The keep_rate trade-off (0.728 → 0.846 with override) is real: we're force-keeping more tokens. But those tokens are numbers, ALLCAPS names, and paths — the tokens agents need. Less compression is the correct trade-off when the alternative is losing SIGSEGV from a crash report.
v3.3 — domain-only training: the experiment that confirmed the ceiling
We ran a final experiment: train only on 2000 domain pairs (code diffs, log streams, JSON blobs, agent tracebacks), all with correct must-keep labels, no ultrawhale noise. Loss dropped to 0.0007 — near-memorization.
Result on Q&A test set: exact_pct = 0.879. Same ceiling.
This confirms: the 0.877-0.882 ceiling on the Q&A test set is a measurement artifact (noisy labels), not a model capability limit. The model's actual capability is higher — the heretic eval at 0.942 base and 0.969 with override demonstrates this.

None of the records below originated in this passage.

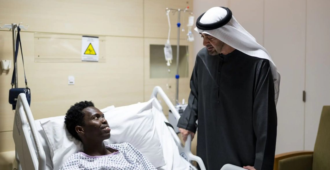 متابعات – السودان الآن – زار رئيس دولة الإمارات أحد المصابين السودانيين الذين يتلقون العلاج في أحد المستشفيات الحكومية بالدولة، وذلك بعد إصابته جراء الهجوم الذي استهدف أراضي الإمارات مؤخراً.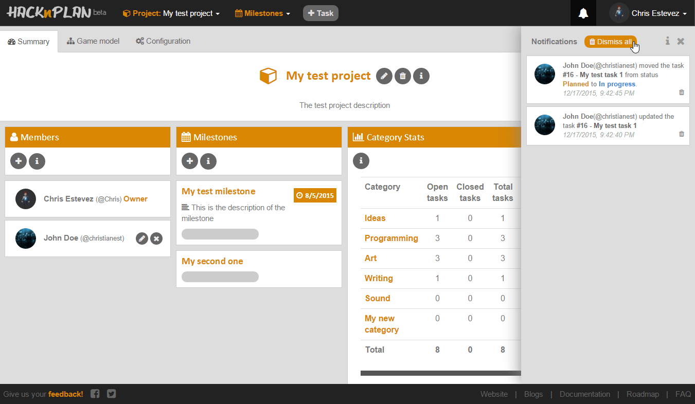I’ve been quite busy recently, mainly working on the notification system which is the main feature we are launching this week. It’s been quite a lot of work in the shadows to prepare the system for many new functionalities related to activity in HacknPlan. We are not only sending notifications to keep you updated about what’s going on in your projects, but also are starting to record many activity information that we will use very soon to provide you with a complete historical stream of activity. This will be very useful for several things, like checking the whole process of a task from creation to completion, extract statistics and data from your interaction with the tool, and many others.
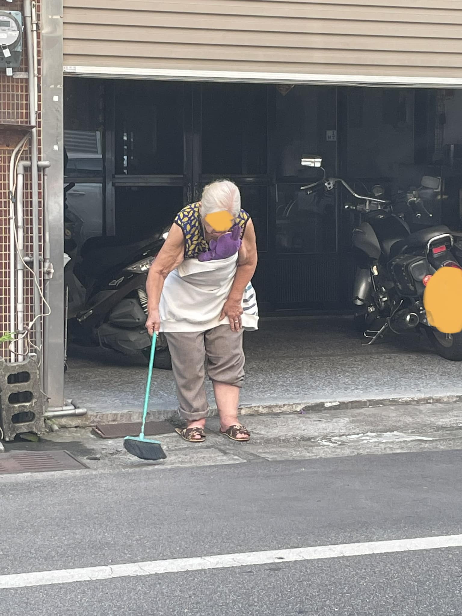 見路邊阿嬤「揹娃娃掃地」好可愛!眼尖網友細看「驚喊快送醫」:好嚴重了...
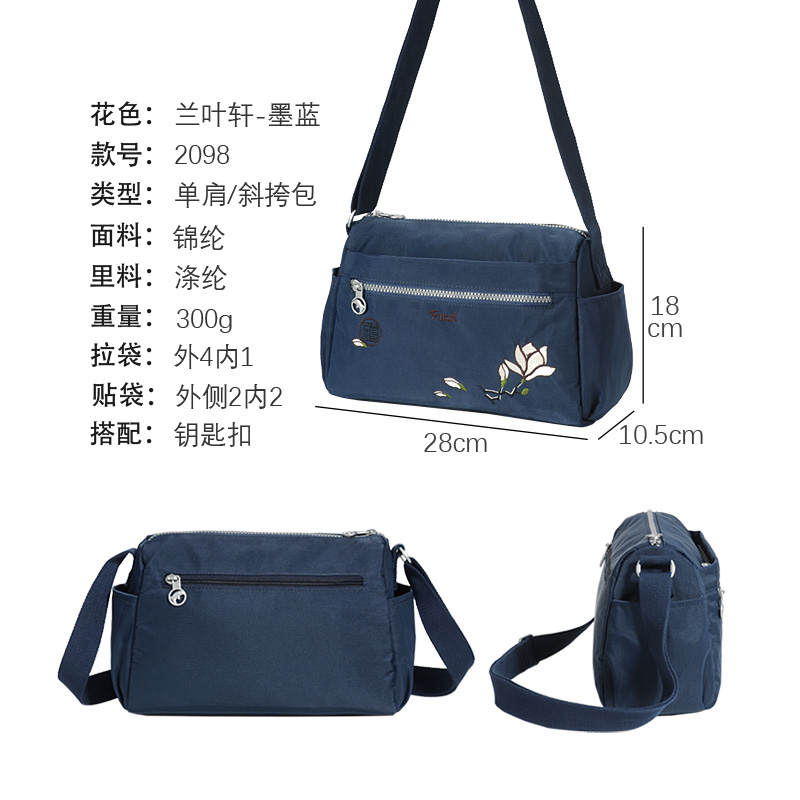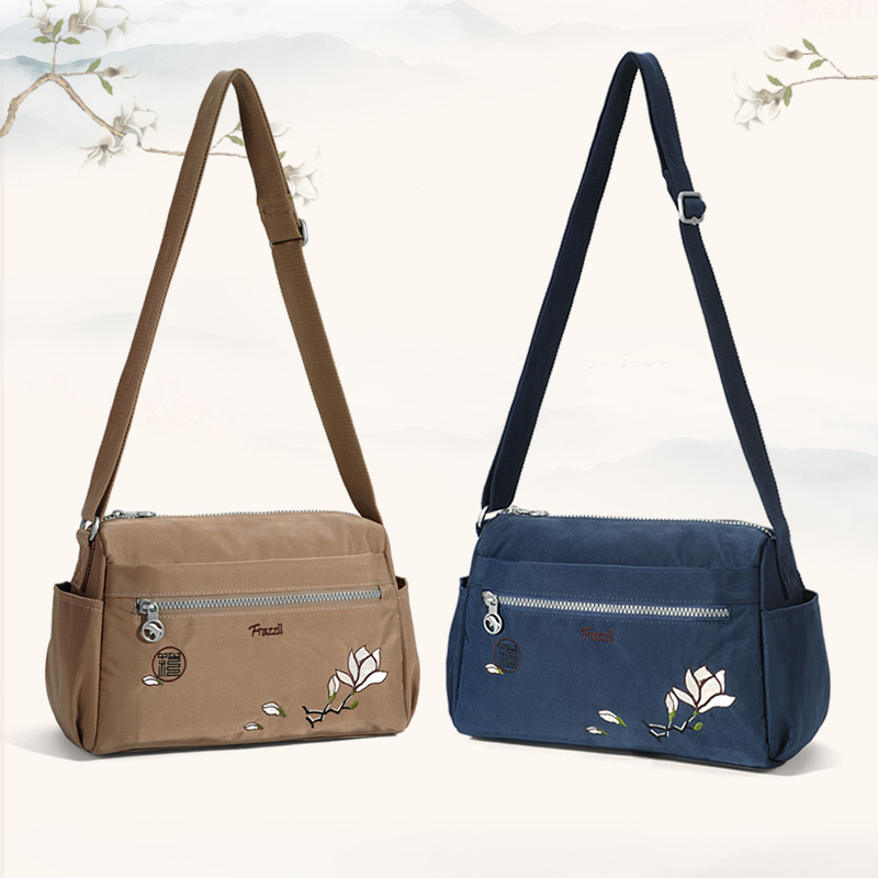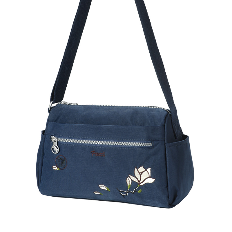 法姿包包女斜挎包2025新款 刺绣轻便妈妈潮包 休闲尼龙旅游小包时尚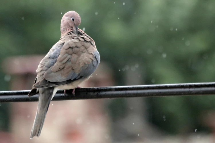 Elektrik tellerine konan gugukçuklar, serin havayla birlikte gelen yağmurun keyfini çıkardı.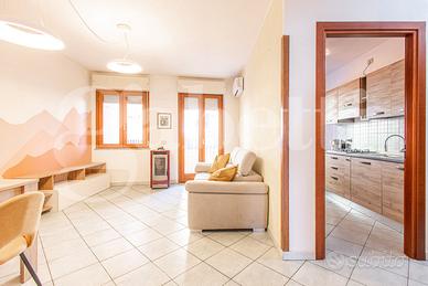 Tramite portoncino blindato accediamo alla zona giorno, suddivisa in due ambienti quali cucina abitabile e soggiorno di forma regolare, dove tramite porta finestra abbiamo accesso alla veranda che introduce al cortile.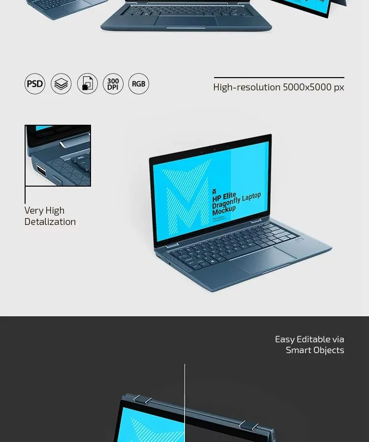 3 Mockups of HP Elite Dragonfly Laptop in Varied Views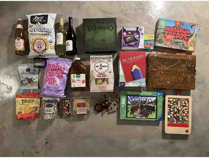 Pre-loved games and puzzles for all ages, including Pictionary, Snap it, Jumanji, Dinosaur Escape, and More. Snacks and beverages for all ages, including popcorn, chips & salsa, nuts, dried fruit, 2 bottles of wine, juice & more.

The right eval for kompress is domain-specific technical content, not Q&A pairs. The Q&A test set was the wrong benchmark all along.
What comes next
The C3 self-distillation signal from the original design spec: use headroom's own proxy logs as training data. Every real compression headroom performs on tool outputs is an (original, compressed) pair labeled by the current model in deployment. That's the correct distribution.

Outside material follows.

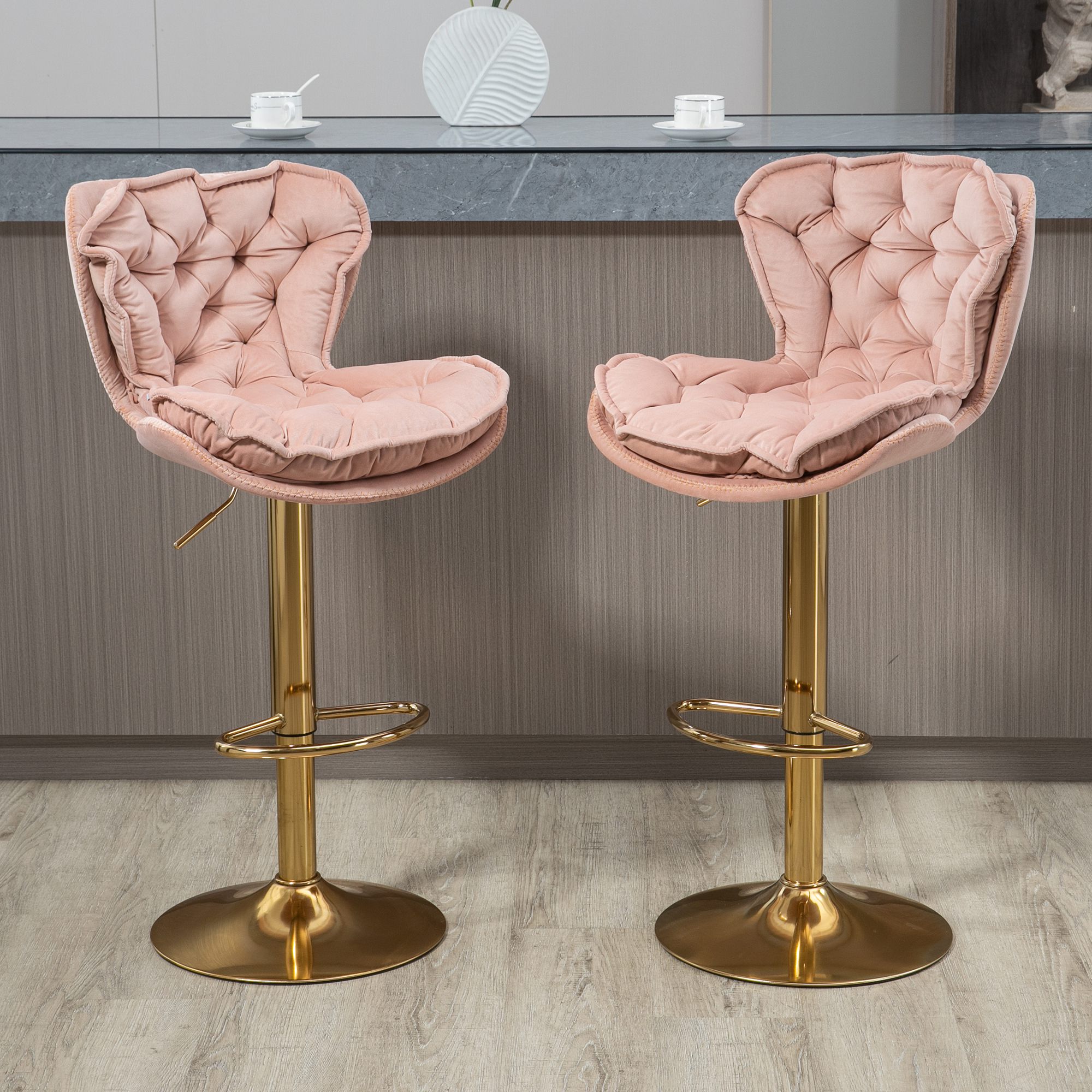 I Sgabelli da Bar Girevoli combinano eleganza, comfort e funzionalità in un design unico e moderno. Rivestiti in un lussuoso tessuto in velluto color avorio, questi sgabelli regolabili in altezza con poggiapiedi offrono non solo una seduta confortevole grazie alla loro ergonomia, ma anche un tocco di classe a ogni ambiente. La struttura in metallo e legno assicura durata e stabilità, mentre la capacità di regolazione dell'altezza e la funzione girevole a 360 gradi li rendono perfettamente adattabili a qualsiasi contesto della casa. Facili da montare, arricchiranno la tua cucina o sala da pranzo con stile e raffinatezza.

Once headroom logging mode is shipped, v4 trains on real traffic. The heretic eval serves as the ongoing benchmark — it's adversarial enough to be informative, and the prompts are deterministic enough to reproduce.
Code: ultrawhale/scripts/eval_heretic.py Heretic: p-e-w/heretic PR #1400: headroomlabs-ai/headroom
Related: Fine-tuning Kompress: the Sapir-Whorf case · The silver label problem
Update: PR #1400 governance passed
One governance gotcha: the headroom PR template requires - Field: value on a single line. Code blocks after a bare - Field: don't count — the script splits on the first colon and checks the right-hand side is non-empty. Fixed by putting the summary inline:
- Exact command / steps: uv run pytest tests/test_kompress_must_keep.py -v (11 tests) + eval_heretic.py (8 adversarial prompts)
- Observed result: exact_pct 0.942 → 0.969 on heretic eval, +0.028; SQL injection 0.971 → 1.000; bleach 0.917 → 1.000
PR #1400 now passes all governance checks. Six required sections, four proof fields, two review checkboxes.
Update: JerrettDavis's improvements (approved + merged)
JerrettDavis reviewed and approved PR #1400, pushing a follow-up commit with three improvements:
1. Batched path coverage. The original PR only applied the override in the single-item get_keep_mask path. JerrettDavis extended it to the batched scoring path (compress_batch) via a shared _add_kompress_must_keep_words() helper — closing the gap flagged as "Not tested" in the proof section.
2. Regex tightening. The original \d+(\.\d+)? would match the 0 in word0 (a false positive). The updated pattern uses negative lookbehind/lookahead:
r"(?<![\w.])\d+(?:\.\d+)?(?![\w.])" # standalone numbers only
This prevents incidental digits embedded in identifiers from triggering the override.
3. Behavioral tests. 78 new test lines covering actual runtime behavior — not just regex matching:
test_compress_keeps_must_keep_word_when_model_drops_it— verifies a word the model would drop (low score) is force-kept by overridetest_compress_can_disable_must_keep_override— verifiesHEADROOM_KOMPRESS_MUST_KEEP=0disables ittest_compress_batch_keeps_must_keep_word_when_score_is_low— same for batch path
Re-ran the heretic eval on the tightened regex: exact_pct 0.942 → 0.969, +0.028. No regression — standalone numbers in technical content are all correctly matched; word0-style false positives don't appear in the eval set.